Prepare data for UpSet plots

upset_data(
  data,
  intersect,
  min_size = 0,
  max_size = Inf,
  min_degree = 0,
  max_degree = Inf,
  n_intersections = NULL,
  keep_empty_groups = FALSE,
  warn_when_dropping_groups = FALSE,
  warn_when_converting = "auto",
  sort_sets = "descending",
  sort_intersections = "descending",
  sort_intersections_by = "cardinality",
  sort_ratio_numerator = "exclusive_intersection",
  sort_ratio_denominator = "inclusive_union",
  group_by = "degree",
  mode = "exclusive_intersection",
  size_columns_suffix = "_size",
  encode_sets = FALSE,
  max_combinations_datapoints_n = 10^10,
  intersections = "observed"
)

Arguments

data

a dataframe including binary columns representing membership in classes

intersect

which columns should be used to compose the intersection

min_size

minimal number of observations in an intersection for it to be included

max_size

maximal number of observations in an intersection for it to be included

min_degree

minimal degree of an intersection for it to be included

max_degree

maximal degree of an intersection for it to be included

n_intersections

the exact number of the intersections to be displayed; n largest intersections that meet the size and degree criteria will be shown

keep_empty_groups

whether empty sets should be kept (including sets which are only empty after filtering by size)

warn_when_dropping_groups

whether a warning should be issued when empty sets are being removed

warn_when_converting

whether a warning should be issued when input is not boolean

sort_sets

whether to sort the rows in the intersection matrix (descending sort by default); one of: 'ascending', 'descending', FALSE

sort_intersections

whether to sort the columns in the intersection matrix (descending sort by default); one of: 'ascending', 'descending', FALSE

sort_intersections_by

the mode of sorting, the size of the intersection (cardinality) by default; one of: 'cardinality', 'degree', 'ratio', or any combination of these (e.g. c('degree', 'cardinality'))

sort_ratio_numerator

the mode for numerator when sorting by ratio

sort_ratio_denominator

the mode for denominator when sorting by ratio

group_by

the mode of grouping intersections; one of: 'degree', 'sets'

mode

region selection mode for sorting and trimming by size.
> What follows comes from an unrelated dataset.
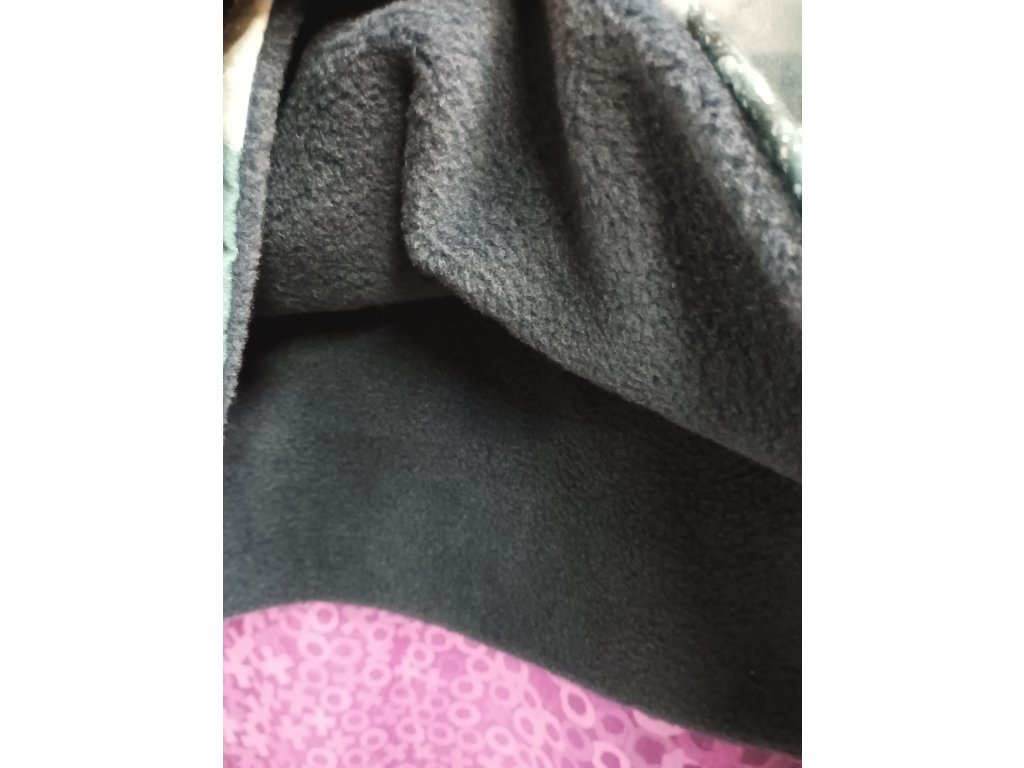 Vrchní materiál je velmi příjemný jemný šusťák 100% polyester, podšitý bavlněným teplým fleecem. Ideální do chladného a mrazivého počasí do města i do hor. Pas je do pružného hladkého nápletu, který se krásně přizpůsobí.

See get_size_mode() for accepted values.

size_columns_suffix

suffix for the columns to store the sizes (adjust if conflicts with your data)

encode_sets

whether set names (column in input data) should be encoded as numbers (set to TRUE to overcome R limitations of max 10 kB for variable names for datasets with huge numbers of sets); default TRUE for upset() and FALSE for upset_data()
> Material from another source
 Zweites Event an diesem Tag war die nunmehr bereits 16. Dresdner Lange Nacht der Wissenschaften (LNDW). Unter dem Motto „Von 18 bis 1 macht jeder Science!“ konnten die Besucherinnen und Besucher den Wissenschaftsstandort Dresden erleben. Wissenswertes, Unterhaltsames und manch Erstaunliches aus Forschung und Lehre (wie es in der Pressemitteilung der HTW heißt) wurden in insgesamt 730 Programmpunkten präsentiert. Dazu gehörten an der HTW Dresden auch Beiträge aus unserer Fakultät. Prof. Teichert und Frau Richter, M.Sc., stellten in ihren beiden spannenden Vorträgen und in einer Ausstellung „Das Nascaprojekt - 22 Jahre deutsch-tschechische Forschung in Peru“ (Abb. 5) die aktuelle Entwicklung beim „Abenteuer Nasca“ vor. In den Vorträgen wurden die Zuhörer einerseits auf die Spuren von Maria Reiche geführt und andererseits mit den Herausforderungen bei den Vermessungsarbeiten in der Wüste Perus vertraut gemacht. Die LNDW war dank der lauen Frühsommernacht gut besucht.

max_combinations_datapoints_n

a fail-safe limit preventing accidental use of intersections='all' with a high number of sets and observations

intersections

whether only the intersections present in data (observed, default), or all intersections (all) should be computed; using all intersections for a high number of sets is not computationally feasible - use min_degree and max_degree to narrow down the selection; this is only useful for modes different from the default exclusive intersection. You can also provide a list with a custom selection of intersections (order is respected when you set sort_intersections=FALSE)